Recently, the Hon'ble Supreme Court in State Bank of India & Anr. v. K.S. Vishwanath, (2022) SCC OnLine SC 667, had an opportunity to re-iterate the literature on the subject and it was held as follows: "27. Recently in the case of Nand Kishore Prasad (Supra) after considering other decisions of this Court on judicial review and the power of the High Court in a departmental enquiry and interference with the findings recorded in the departmental enquiry, it is observed and held that the High Court is not a court of appeal over the decision of the authorities holding a departmental enquiry against a public servant. It is further observed and held that the High Court is concerned to determine whether the enquiry is held by an authority competent in that behalf, and according to the procedure prescribed in that behalf, and whether the rules of natural justice are not violated.
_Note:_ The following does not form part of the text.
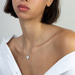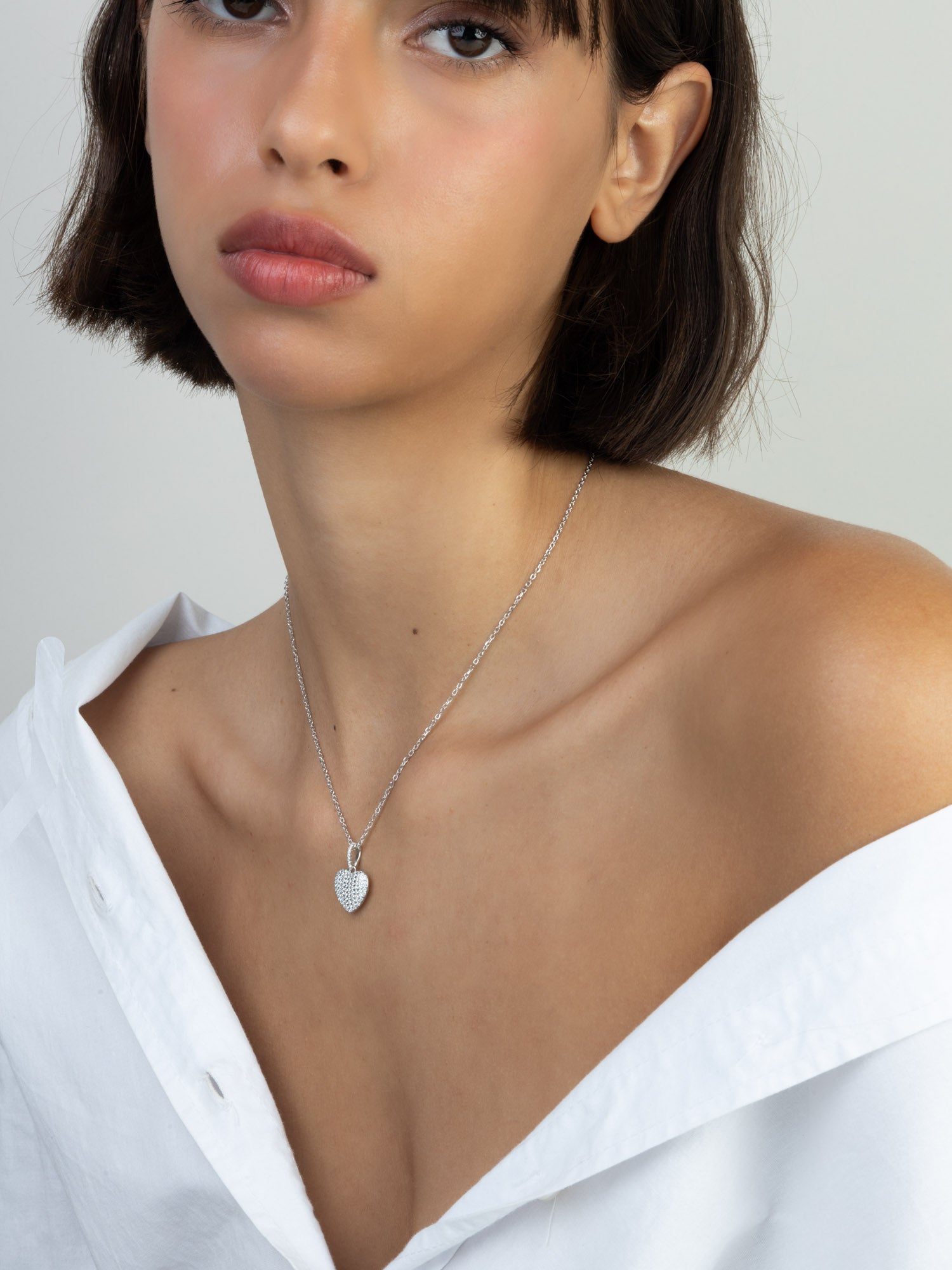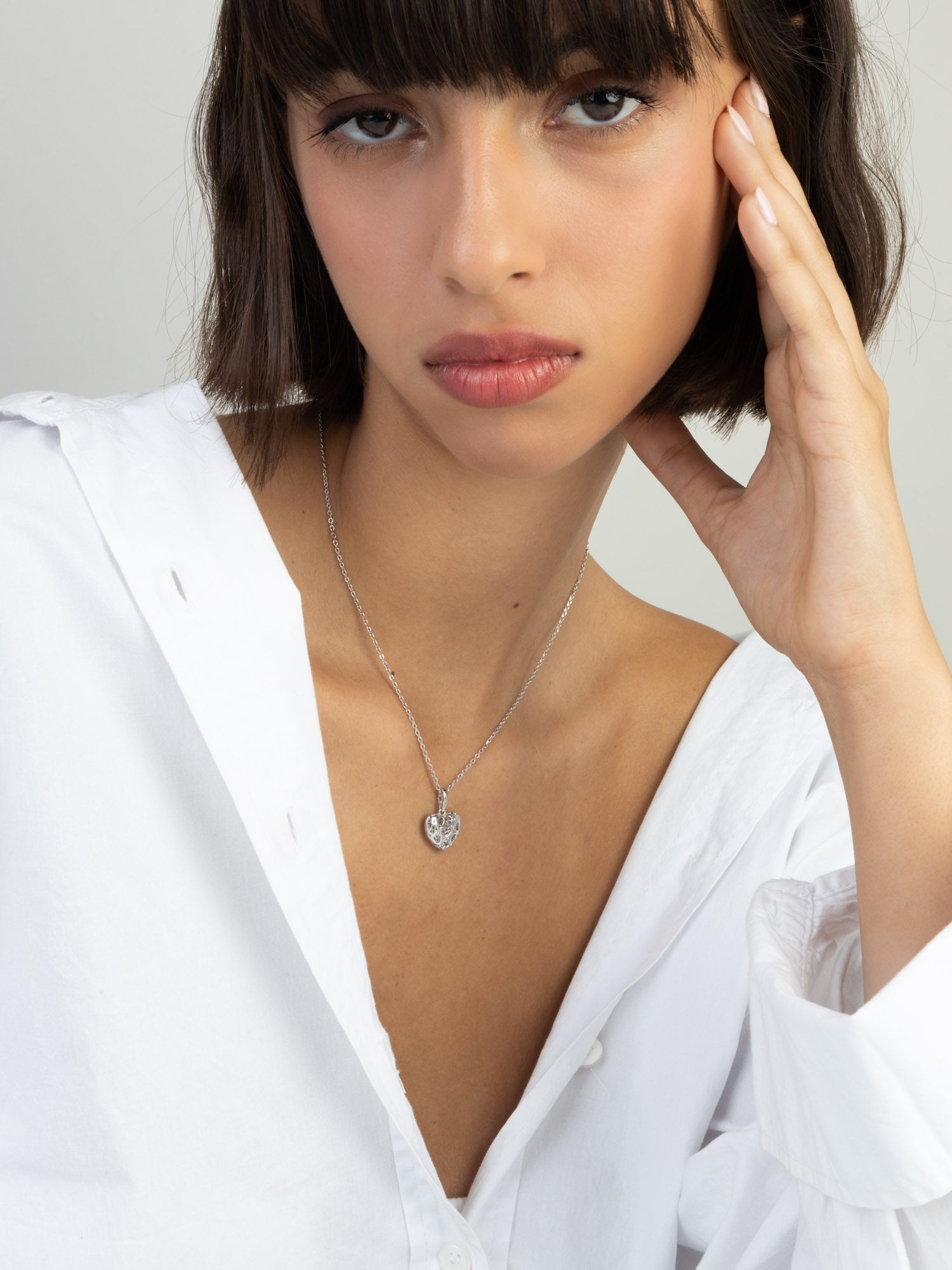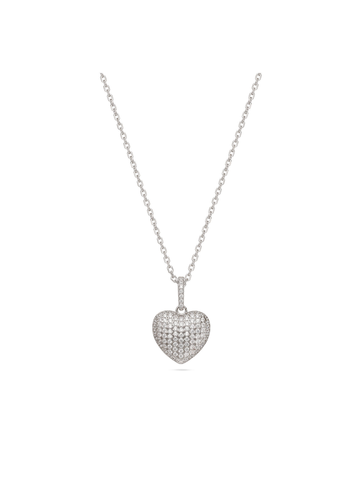 Fio com pendente, Prata de lei 925, Zircónia de cultivo, Claro, Coração, Feito à mão,,, Prateado, comprimento do pendente: 2.2 cm, largura do pendente: 1.5 cm, 2.10 gramas.

It is further observed that if there is some evidence, that the authority entrusted with the duty to hold the enquiry has accepted and which evidence may reasonably support the conclusion that the delinquent officer is guilty of the charge, it is not the function of the High Court in a petition under Article 226 of the Constitution of India to review/reappreciate the evidence and to arrive at an independent finding on the evidence....." 8. As a sequitur to the aforesaid rules, regulations, guidelines and judicial pronouncements, this Court finds that no interference is warranted in the impugned orders and the petitioner has been rightly punished with the impugned order. 9. This writ petition is accordingly, dismissed.